Использование постнатальной электропорации in vivo для изучения морфологии нейронов мозжечковых гранул и развития синапсов

Протокол изучает гранулярные нейроны мозжечка на разных стадиях развития, чтобы визуализировать ключевой морфологический рост. Преимущества метода включают в себя клеточное нацеливание, быструю экспрессию трансфицированных конструкций и разреженную маркировку клеток, что позволяет изучать клеточные автономные эффекты. Начните с вырезания 11,2-миллиметрового сегмента из наконечника загрузочной пипетки и поместите отрезанную часть на наконечник шприца Hamilton в качестве прокладки, чтобы ограничить глубину впрыска до 1,5 миллиметра.

Закрепите прокладку на наконечнике шприца с помощью клея или парапленки. Чтобы изучить морфологию одиночных электропорированных CGN из сагиттальных срезов мозга экспериментального щенка, сделайте снимки Z-стека с размером 0,5 микрометра на стек на конфокальный микроскоп. Изображение по одной ячейке на окно изображения, чтобы упростить анализ изображений и 3D-реконструкцию.

Проанализируйте длину нейрита и образование дендритного когтя вслепую, используя простой индикатор нейритов. Загрузите одноканальные Z-stack изображения электропорированных CGN на Фиджи и нажмите «Плагины»Сегментация«и Simple Neurite Tracer«Выберите «Создать новый 3D-просмотрщик»из выпадающего меню. Прокрутите до основания дендрита, соединяющегося с клеточной сомой и начните путь, нажав на соединение.

Вручную проведите трассировку пути, щелкнув участки, где сигнал заполнения ячейки наиболее яркий, и нажав клавишу Y, чтобы сохранить трассировку. Проведите до конца дендрита и подтвердите путь, нажав F.В качестве альтернативы проведите до основания когтя. Далее проведите коготь от основания конструкции до конца самого длинного нейрита.

Отследите вторичные и третичные ветви, удерживая нажатой клавишу Control в Windows или ALT в macOS и щелкнув путь. Подтвердите путь, нажав клавишу F.Обратите внимание, что измерения следов видны в отдельном окне. Сложите все размеры ветвей когтя, чтобы получить общую длину каждого когтя.

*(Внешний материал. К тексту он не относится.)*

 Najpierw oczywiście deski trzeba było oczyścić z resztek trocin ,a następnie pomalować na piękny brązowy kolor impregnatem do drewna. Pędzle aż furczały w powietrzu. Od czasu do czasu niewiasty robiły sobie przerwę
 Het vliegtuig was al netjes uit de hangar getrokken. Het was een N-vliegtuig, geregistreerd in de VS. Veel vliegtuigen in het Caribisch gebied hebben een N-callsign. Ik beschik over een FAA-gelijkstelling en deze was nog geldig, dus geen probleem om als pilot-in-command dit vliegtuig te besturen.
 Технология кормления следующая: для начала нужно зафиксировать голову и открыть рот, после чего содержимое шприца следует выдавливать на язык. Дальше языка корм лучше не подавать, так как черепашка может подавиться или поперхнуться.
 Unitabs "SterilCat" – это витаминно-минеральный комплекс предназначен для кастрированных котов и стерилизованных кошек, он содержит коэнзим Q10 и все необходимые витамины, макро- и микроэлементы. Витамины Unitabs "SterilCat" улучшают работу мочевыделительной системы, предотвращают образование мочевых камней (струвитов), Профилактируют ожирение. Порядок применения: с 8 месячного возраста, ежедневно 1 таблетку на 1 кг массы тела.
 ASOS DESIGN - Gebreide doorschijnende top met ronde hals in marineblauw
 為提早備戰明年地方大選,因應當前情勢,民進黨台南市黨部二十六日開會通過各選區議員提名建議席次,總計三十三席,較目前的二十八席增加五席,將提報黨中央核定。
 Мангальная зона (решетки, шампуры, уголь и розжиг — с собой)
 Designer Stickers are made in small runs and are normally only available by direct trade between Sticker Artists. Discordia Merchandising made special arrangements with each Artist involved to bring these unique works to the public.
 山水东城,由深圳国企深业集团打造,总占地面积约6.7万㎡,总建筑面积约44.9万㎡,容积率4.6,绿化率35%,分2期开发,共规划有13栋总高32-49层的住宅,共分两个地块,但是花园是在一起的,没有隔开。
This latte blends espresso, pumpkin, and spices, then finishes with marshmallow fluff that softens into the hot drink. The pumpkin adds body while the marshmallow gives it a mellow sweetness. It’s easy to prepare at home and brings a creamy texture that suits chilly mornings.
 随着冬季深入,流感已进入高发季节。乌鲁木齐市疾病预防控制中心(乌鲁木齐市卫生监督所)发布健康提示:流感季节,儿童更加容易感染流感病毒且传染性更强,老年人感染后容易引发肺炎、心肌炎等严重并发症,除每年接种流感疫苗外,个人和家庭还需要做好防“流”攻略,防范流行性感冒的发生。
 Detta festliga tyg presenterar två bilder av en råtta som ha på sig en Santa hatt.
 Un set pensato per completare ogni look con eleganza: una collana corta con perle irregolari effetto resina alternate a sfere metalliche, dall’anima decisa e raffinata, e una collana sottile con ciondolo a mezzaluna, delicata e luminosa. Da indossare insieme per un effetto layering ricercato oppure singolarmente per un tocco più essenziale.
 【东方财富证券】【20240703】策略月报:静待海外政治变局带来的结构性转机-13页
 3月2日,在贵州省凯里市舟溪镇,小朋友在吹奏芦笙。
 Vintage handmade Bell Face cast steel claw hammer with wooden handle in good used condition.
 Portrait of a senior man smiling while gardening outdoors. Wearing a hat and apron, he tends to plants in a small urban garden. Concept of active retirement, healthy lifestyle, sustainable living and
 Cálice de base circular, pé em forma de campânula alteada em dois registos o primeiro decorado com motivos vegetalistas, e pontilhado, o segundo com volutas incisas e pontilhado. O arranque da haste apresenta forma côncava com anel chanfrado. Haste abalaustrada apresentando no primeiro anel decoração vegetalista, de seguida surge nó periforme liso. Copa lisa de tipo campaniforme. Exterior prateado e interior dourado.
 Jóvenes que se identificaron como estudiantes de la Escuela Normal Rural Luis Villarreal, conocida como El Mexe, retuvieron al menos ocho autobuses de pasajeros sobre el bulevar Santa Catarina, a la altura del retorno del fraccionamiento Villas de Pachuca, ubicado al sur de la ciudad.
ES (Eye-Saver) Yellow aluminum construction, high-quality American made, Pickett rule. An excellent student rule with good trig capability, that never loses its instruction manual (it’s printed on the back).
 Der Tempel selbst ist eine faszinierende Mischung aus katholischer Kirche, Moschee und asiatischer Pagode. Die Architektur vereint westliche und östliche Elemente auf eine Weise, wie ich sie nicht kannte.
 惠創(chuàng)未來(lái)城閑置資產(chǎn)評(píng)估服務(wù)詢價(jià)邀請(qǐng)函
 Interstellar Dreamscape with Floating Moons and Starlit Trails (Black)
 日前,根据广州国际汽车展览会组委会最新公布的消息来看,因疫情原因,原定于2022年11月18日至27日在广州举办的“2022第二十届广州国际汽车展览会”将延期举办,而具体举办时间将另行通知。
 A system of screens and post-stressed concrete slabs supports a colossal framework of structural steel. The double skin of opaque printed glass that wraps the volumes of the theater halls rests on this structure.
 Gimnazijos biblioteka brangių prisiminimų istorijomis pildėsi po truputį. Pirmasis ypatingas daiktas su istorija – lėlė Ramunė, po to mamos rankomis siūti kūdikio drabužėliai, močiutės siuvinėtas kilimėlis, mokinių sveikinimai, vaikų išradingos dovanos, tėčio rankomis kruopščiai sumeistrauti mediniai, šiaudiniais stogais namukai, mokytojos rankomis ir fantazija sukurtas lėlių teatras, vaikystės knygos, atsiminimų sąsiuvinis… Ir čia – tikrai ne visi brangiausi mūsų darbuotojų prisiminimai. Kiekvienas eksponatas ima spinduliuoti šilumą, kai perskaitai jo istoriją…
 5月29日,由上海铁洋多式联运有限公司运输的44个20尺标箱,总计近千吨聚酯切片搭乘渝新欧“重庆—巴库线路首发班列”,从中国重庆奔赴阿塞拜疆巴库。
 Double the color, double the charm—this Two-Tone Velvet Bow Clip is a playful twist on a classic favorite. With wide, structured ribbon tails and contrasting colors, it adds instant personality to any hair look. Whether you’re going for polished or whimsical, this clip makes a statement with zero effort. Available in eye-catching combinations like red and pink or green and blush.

В репрезентативном анализе проекционные изображения электропорированных CGN от 3 до 14 дней после инъекции показали прогрессирующее снижение количества дендритов. CGN претерпели фазу дендритного роста с последующим уточнением с 3 DPI до 7 DPI, что привело к обрезке более 50% избыточных дендритов. Это событие совпадает с постепенным удлинением оставшихся беседок при образовании когтевидных структур в конце каждого дендрита, что указывает на то, что эти процессы развития происходят одновременно.

При 7 DPI когти были обнаружены примерно на 75% дендритов. Каждый меченый CGN был реконструирован в NMRS для количественной оценки общей площади и объема сомато-дендритной поверхности. Существенной разницы в размере CGN на протяжении всей разработки не наблюдалось.

Несмотря на то, что при 7 DPI CGN показали значительное снижение объема на 20% по сравнению с 3, 5 и 10 DPI. Самое главное в процедуре – точно локализовать мозжечок перед инъекцией. Метод может быть адаптирован для генетического манипулирования генами in vivo для изучения их роли в развитии гранулярных нейронов путем трансфекции либо шРНК, либо миРНК, либо Cre Recombinase.